The mechanisms by which CSPGs or other repulsive molecules slow neurite growth are not well understood. Recently, the receptor tyrosine phosphatases σ (RPTPσ) and LAR have been identified as putative receptors for CSPGs (Fry et al. 2010
; Shen et al. 2009
; Fisher et al. 2011
). However, the intracellular signal transduction pathway downstream of RPTPσ is not known. We found that exposure to soluble CSPGs produced a sustained increase in myosin light chain phosphorylation. Many guidance cues affect the contraction of myosin II by modulating the balance between Rho and Rac and/or Cdc42 activities (Amano et al. 1998
; Driessens et al. 2001
). However, it was recently shown that lysophosphatidic acid (LPA), which enhances Rho-dependent myosin contractility, induces growth cone retraction independent of peripheral retrograde actin flow but rather driven by the contraction of more central actin structures (Zhang et al. 2003
). We found that treatment with the Rho kinase inhibitor Y-27632 or the myosin light chain kinase inhibitor ML-7 did not alter myosin light chain phosphorylation in response to CSPGs (P. Y, unpublished). A lack of involvement of Rho is also supported by the minimal change in axonal growth on CSPGs when neurons are treated with Y-27632 (Hur et al. 2011
). These results suggest that CSPGs may affect myosin light chain kinase or phosphatase through pathways that do not involve Rho or MLCK.
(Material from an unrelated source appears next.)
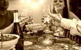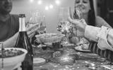 Happy family cheering with champagne for Christmas eve - Hands view of people toasting wine and celebrating together - Holidays, dinner, and winter concept - Focus on right close-up hand
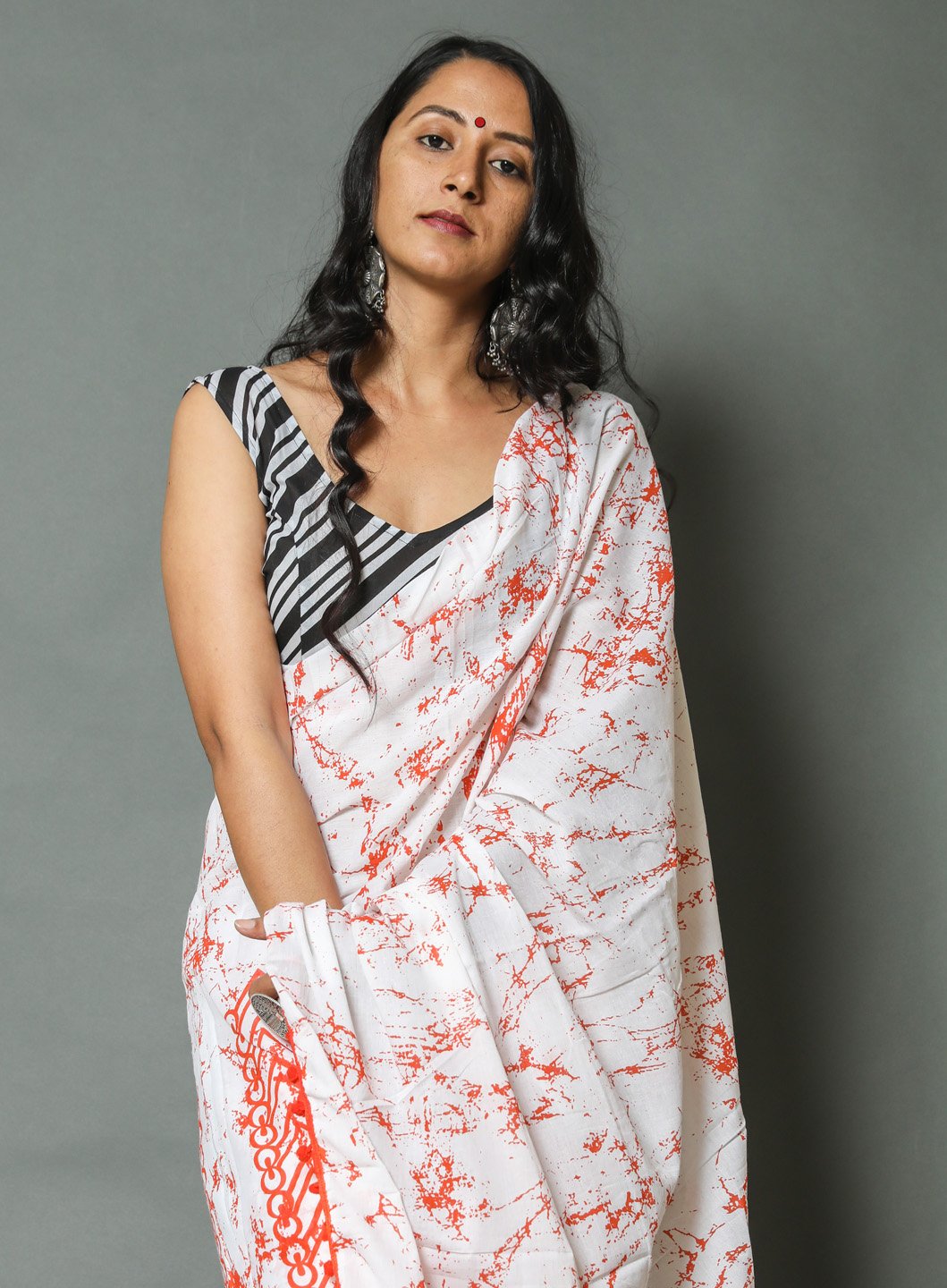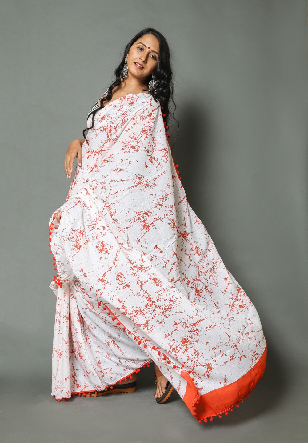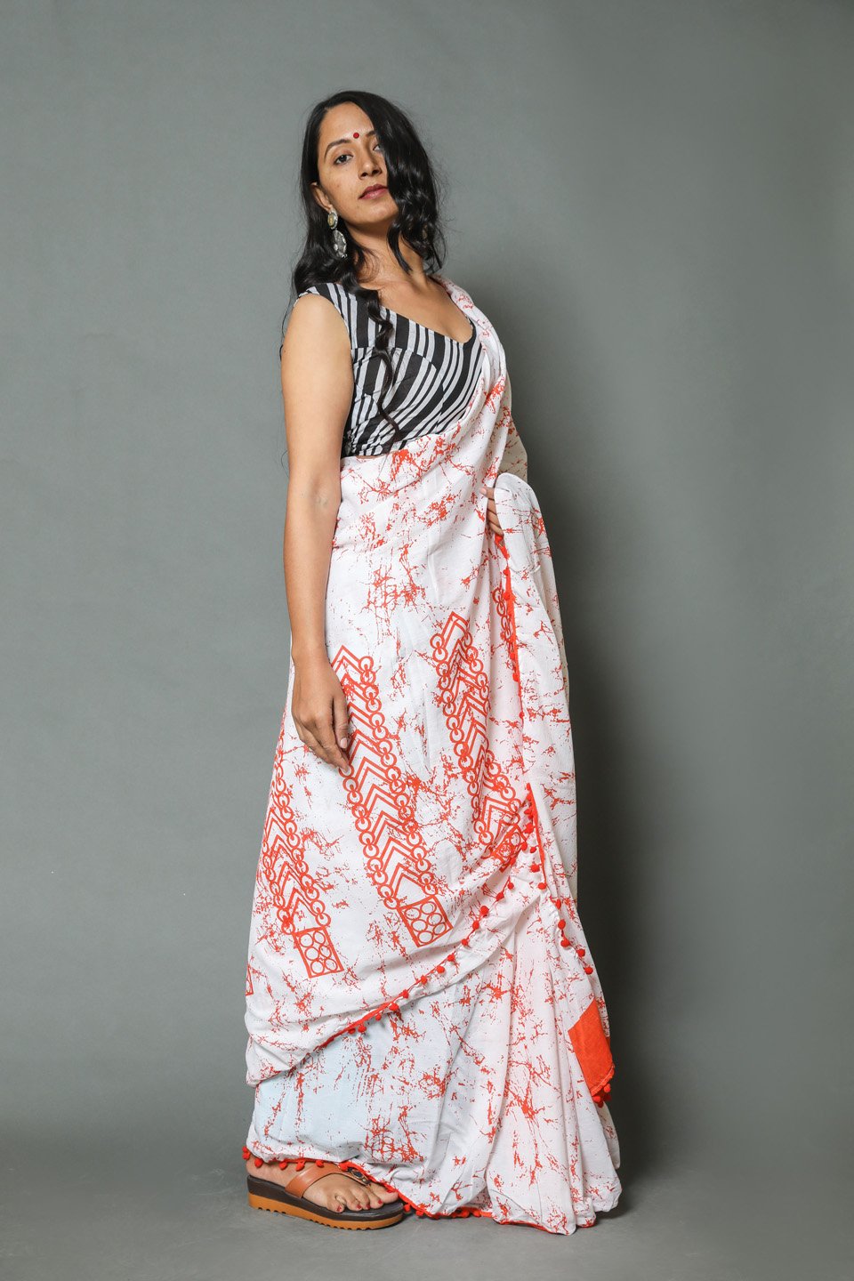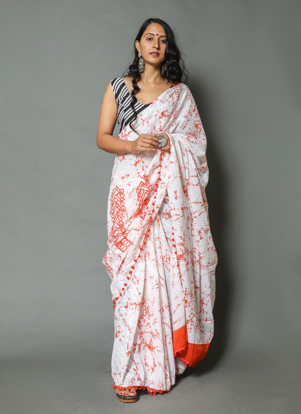 White & Orange Batik Print Mul Cotton Saree with Blouse

Our results, together with others, indicate that myosin II activity is involved in growth cone turning and neurite outgrowth in response to both positive and negative guidance cues. Although blockage of myosin II activity overcomes inhibition caused by CSPGs and other inhibitors which prevent axonal regeneration after CNS injury, it might not be a good target for promoting axonal regeneration, since myosin II also mediates the positive response towards permissive cues like laminin. Further investigations into more selective inhibitors of myosin II isoforms or other members of the signaling cascade that involves myosin II are therefore warranted.